EventSTU: Event-Guided Efficient Spatio-Temporal Understanding for Video Large Language Models
Wenhao Xu, Xin Dong, Yue Li, Haoyuan Shi, Zhiwei Xiong
TL;DR
This work tackles the high computational cost of Video-LLMs caused by long token sequences in extended videos. It introduces EventSTU, a training-free, event-guided framework that jointly reduces temporal redundancy via Coarse-to-Fine Sampling (C2FS) and compresses spatial tokens via Zero-cost Adaptive Pruning (ZAP), leveraging event density and attention-based saliency, and extends to simulated events for general video understanding. A new EventBench dataset with real event streams and human annotations enables robust evaluation of event-assisted reasoning. Empirical results show substantial efficiency gains (e.g., $3.01\times$ FLOPs reduction and $3.10\times$ prefilling speedup) while improving accuracy, demonstrating practical potential for real- and simulated-event video understanding without model training.
Abstract
Video large language models have demonstrated strong video understanding capabilities but suffer from high inference costs due to the massive number of tokens in long videos.
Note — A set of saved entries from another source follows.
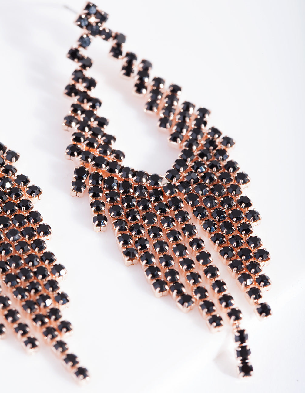 Rose Gold Black Diamante Cupchain Cascading Earrings
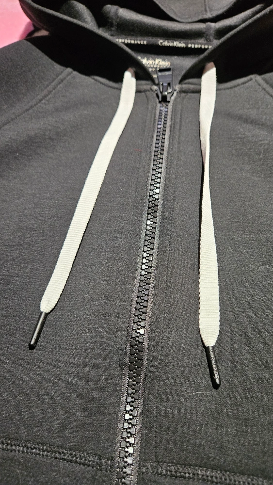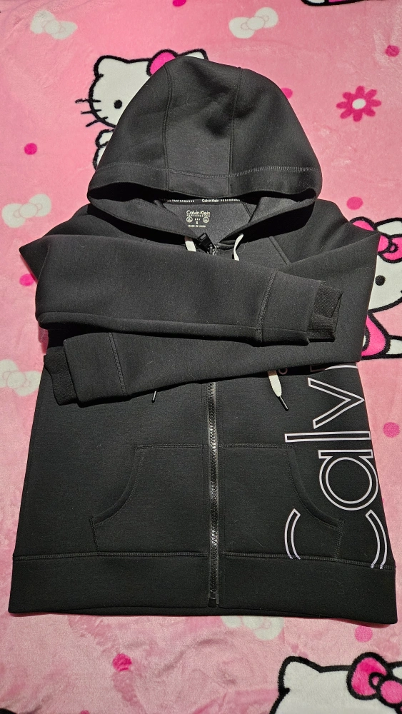 Selling a Calvin Klein Performance zip-up hoodie in size small! It's black and features the Calvin Klein logo on the side. Perfect for workouts or casual wear!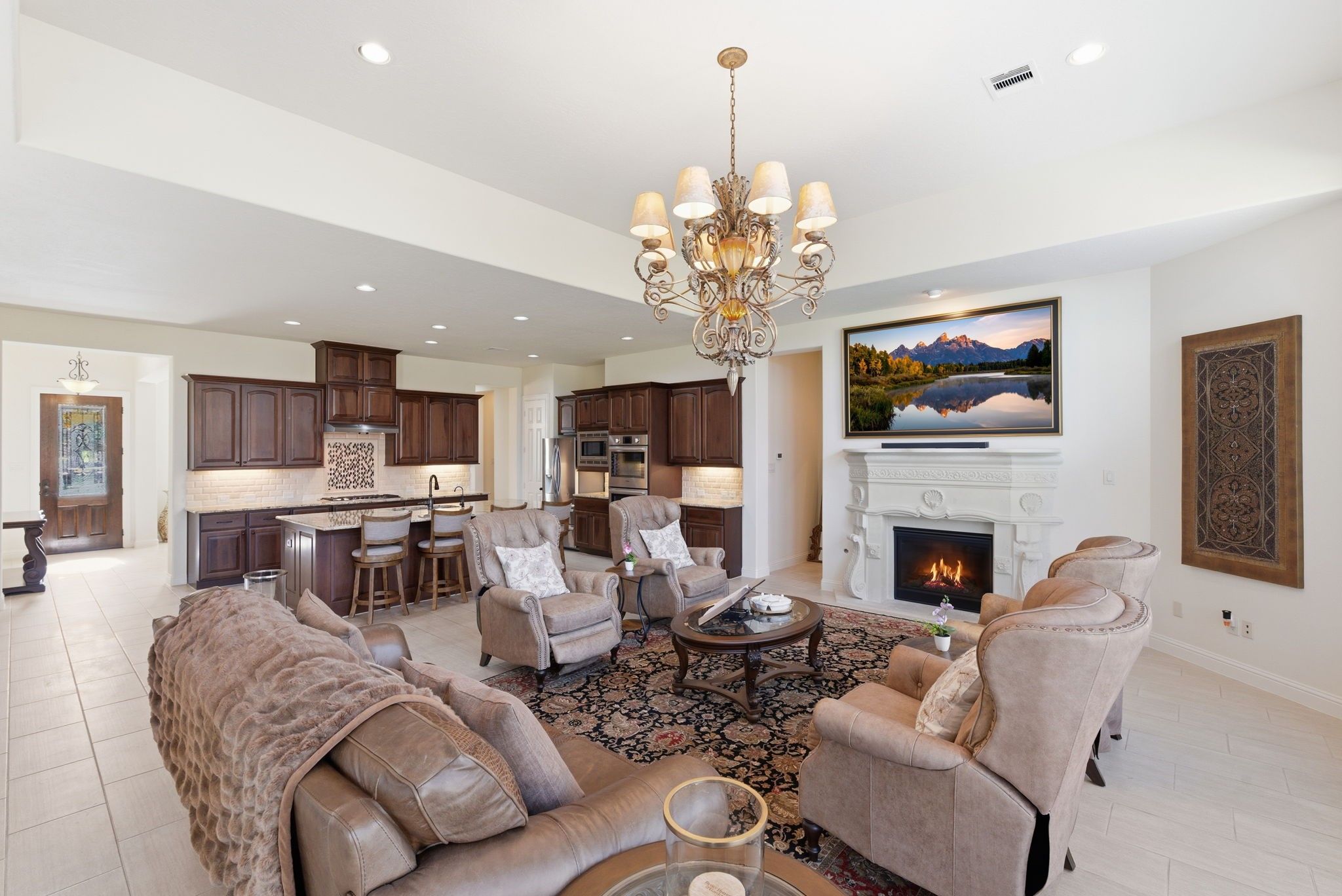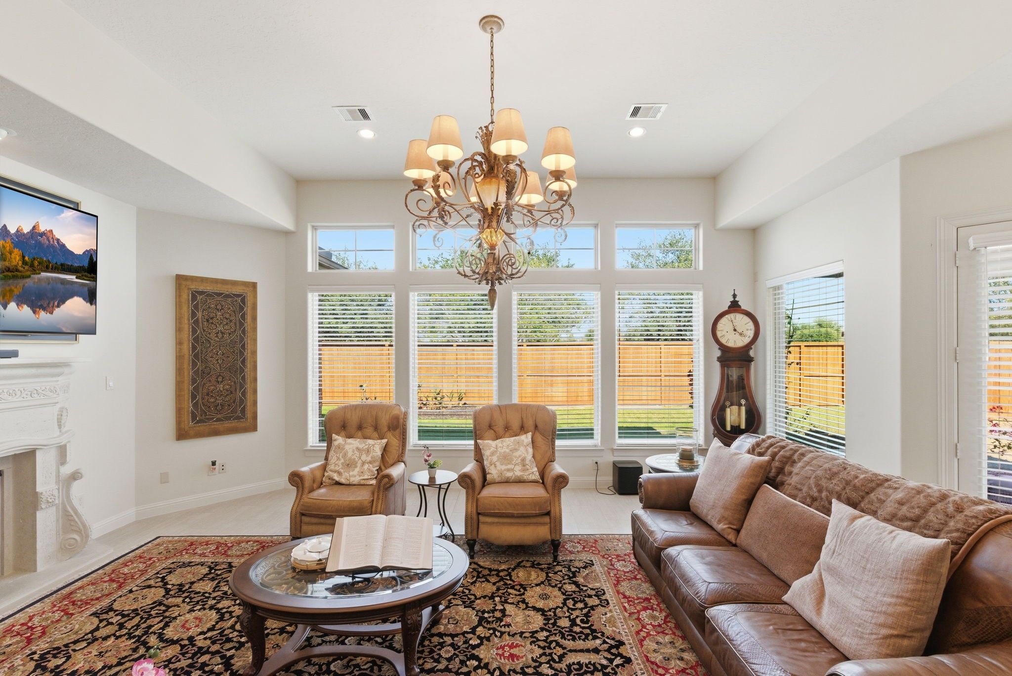 Stunning 1.5-story sanctuary, 2788 + 315.12 sq. ft., located in Heritage at Towne Lake, a vibrant 55+ community offering pickleball, swimming, boating, fitness classes, poker nights, and more. This home delivers more than comfort—it offers a lifestyle to enjoy! Inside, enjoy beautifully renovated bathrooms, an elegant designer cast stone fireplace, and tile flooring throughout—no carpet! The gourmet chef’s kitchen boasts stainless steel appliances, a massive island, abundant granite countertops, and a spacious walk-in pantry. The serene primary suite features dual sinks, a vanity space, soaking tub, oversized walk-in shower, and dual closets with direct access to the utility room. Upstairs, a fully finished two-room flex area (w/ garage entry) provides endless possibilities for guests, hobbies, or a secluded office. Outside, relax on the expansive covered patio with a firepit, Electronic Auto Shades enclosing full back porch, and lush landscaping—ideal for entertaining or unwinding.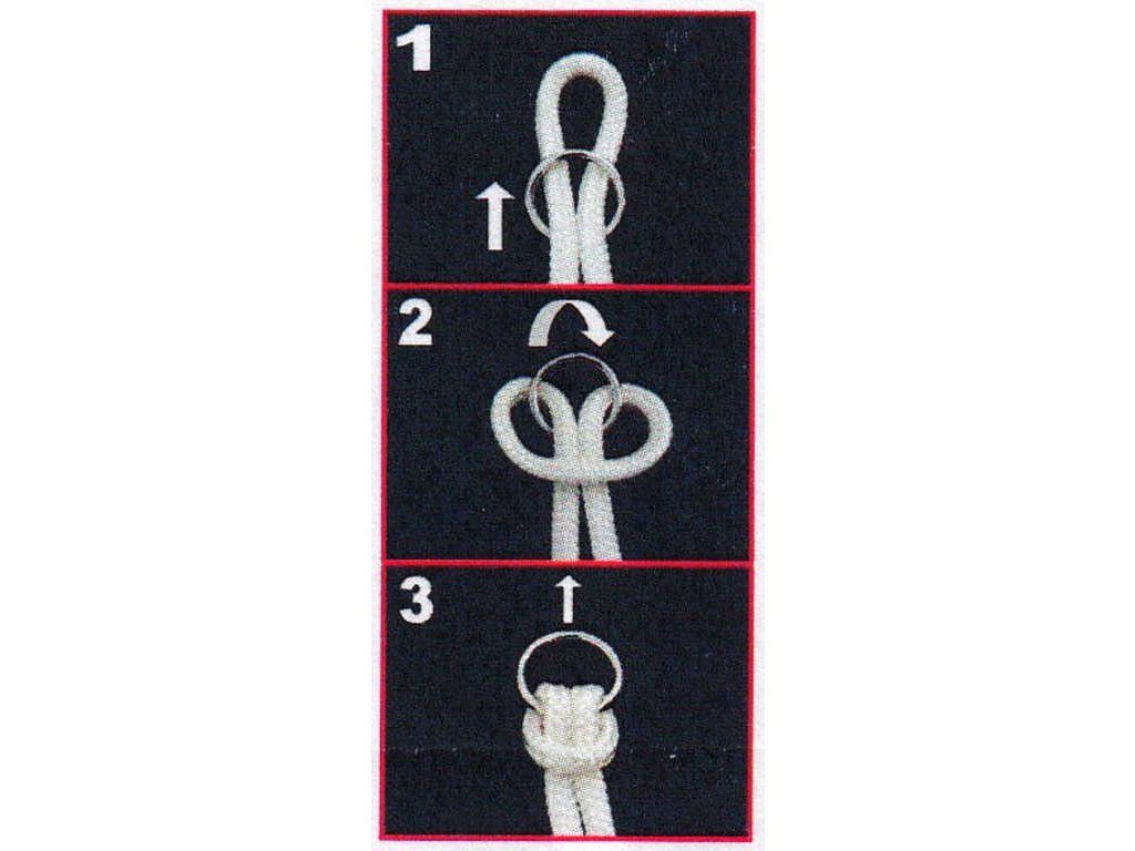 UPOZORNĚNÍ: pro správné uchycení houpačky na jejím horním konci je třeba provléct popruhy kovovým kroužkem (udělat uzel) - viz. obrázek (pokud takto není výrobek dodáván již od výrobce). Doporučený systém zavěšení houpaček viz. ilustrační foto.

Inspired by event-based vision, we propose an event-guided, training-free framework for efficient spatio-temporal understanding, named EventSTU. In the temporal domain, we design a coarse-to-fine keyframe sampling algorithm that exploits the change-triggered property of event cameras to eliminate redundant frames. In the spatial domain, we design an adaptive token pruning algorithm that leverages the visual saliency of events as a zero-cost prior to guide spatial reduction. From a holistic spatio-temporal perspective, we further integrate question relevance from keyframe sampling to adaptively allocate token pruning budgets. To facilitate evaluation, we construct EventBench, the first event-inclusive, human-annotated multimodal benchmark that covers diverse real-world scenarios. Beyond physical event cameras, EventSTU also supports general video understanding using simulated events. Comprehensive experiments show that EventSTU achieves 3.01x FLOPs reduction and 3.10x prefilling speedup over the strongest baseline while still improving performance.